Input START

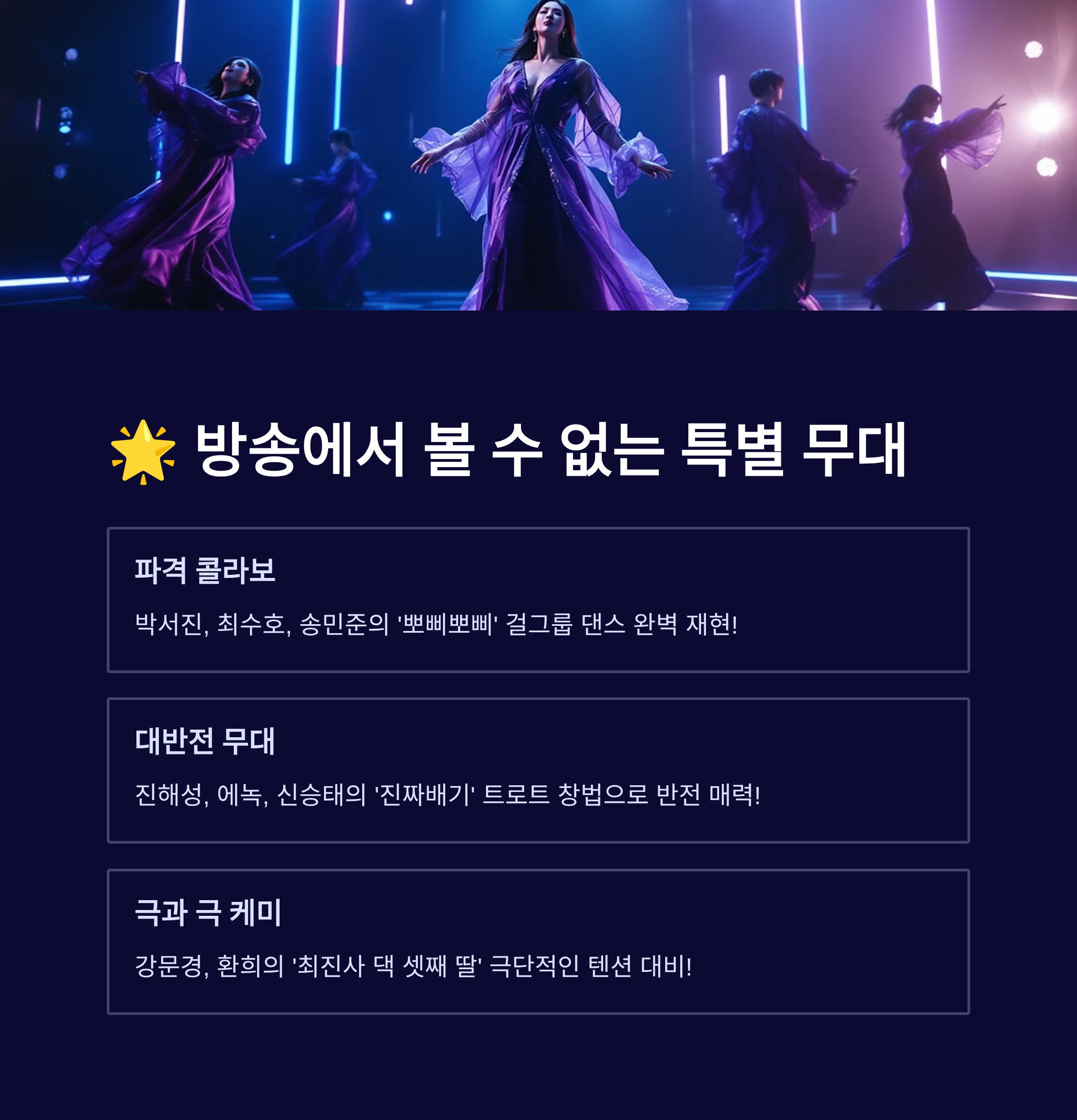 박서진, 최수호, 송민준이 티아라의 '뽀삐뽀삐'를 걸그룹 댄스로 선보인다니 상상이 되시나요? 진해성, 에녹, 신승태는 이명화의 '진짜배기'로 대반전 무대를 준비했고, 강문경과 환희는 '최진사 댁 셋째 딸'로 극과 극의 텐션을 보여준대요!
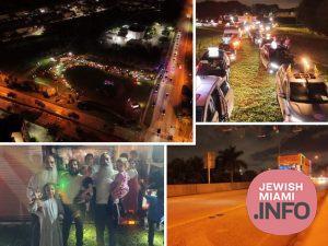 On the 6th night of Chanukah, nearly 60 Menorah cars took to the streets and highways of South Florida to parade the light of Chanukah departing from Chabad of Inverrary making a 33 mile loop around Broward County before returning to Chabad of Inverrary.
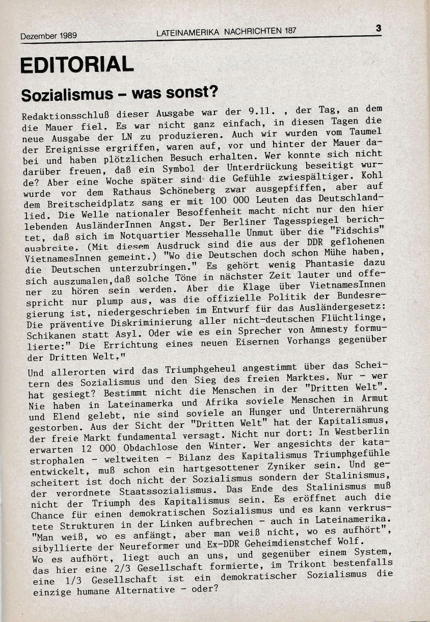 Editorial Sozialismus – was sonst? N°187 de Lateinamerika Nachrichten, diciembre 1989
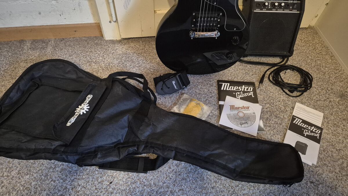 Inkl. Mini-Verstärker, Tasche, Gurt, Ersatzsaiten, DVD
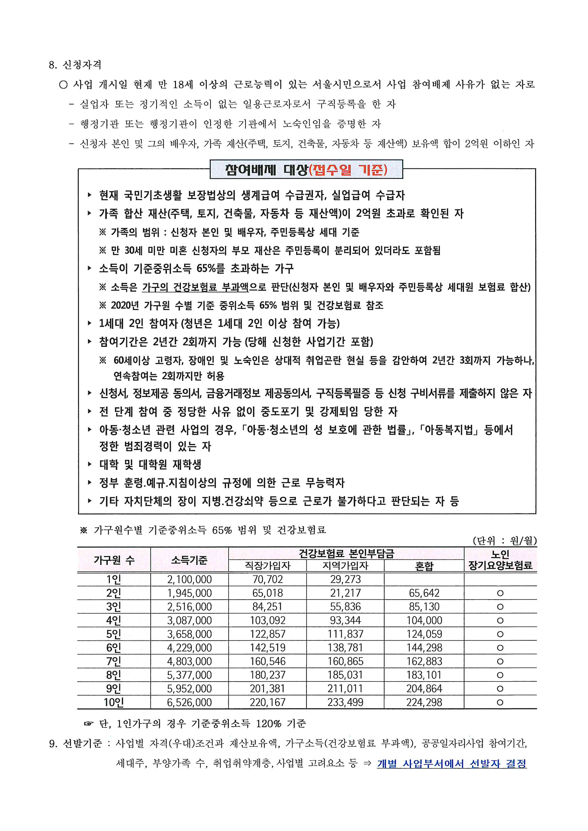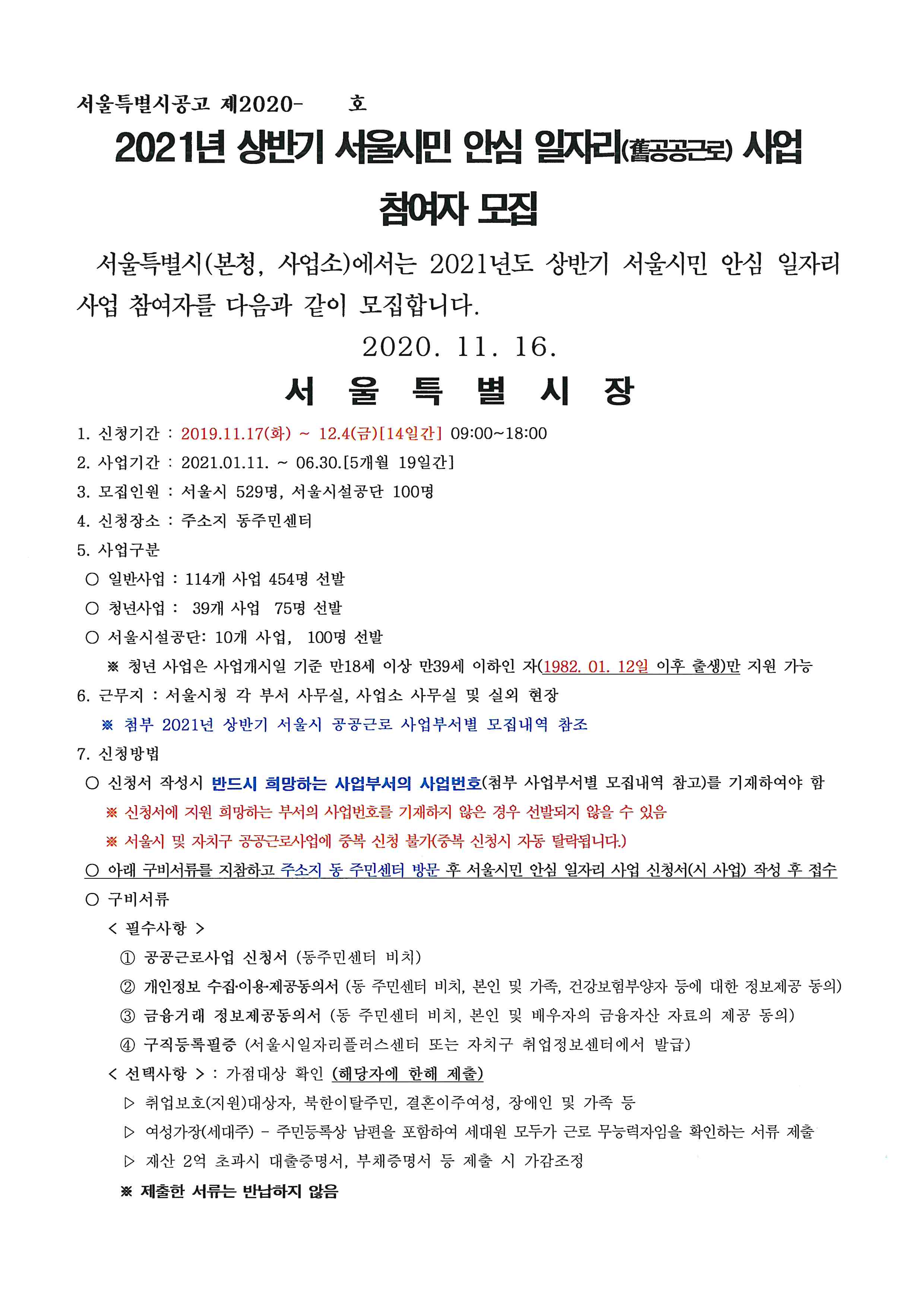 [서울시] 2021년 상반기 서울시민 안심 일자리사업 모집 공고

Input END

§ **Problem details**:
Your copy should hold only the lines from the line with "On the 6th night" through the end of the data above, both ends included, transcribed exactly and without pictures.

§ **Answer box**:
 On the 6th night of Chanukah, nearly 60 Menorah cars took to the streets and highways of South Florida to parade the light of Chanukah departing from Chabad of Inverrary making a 33 mile loop around Broward County before returning to Chabad of Inverrary.
 Editorial Sozialismus – was sonst? N°187 de Lateinamerika Nachrichten, diciembre 1989
 Inkl. Mini-Verstärker, Tasche, Gurt, Ersatzsaiten, DVD
 [서울시] 2021년 상반기 서울시민 안심 일자리사업 모집 공고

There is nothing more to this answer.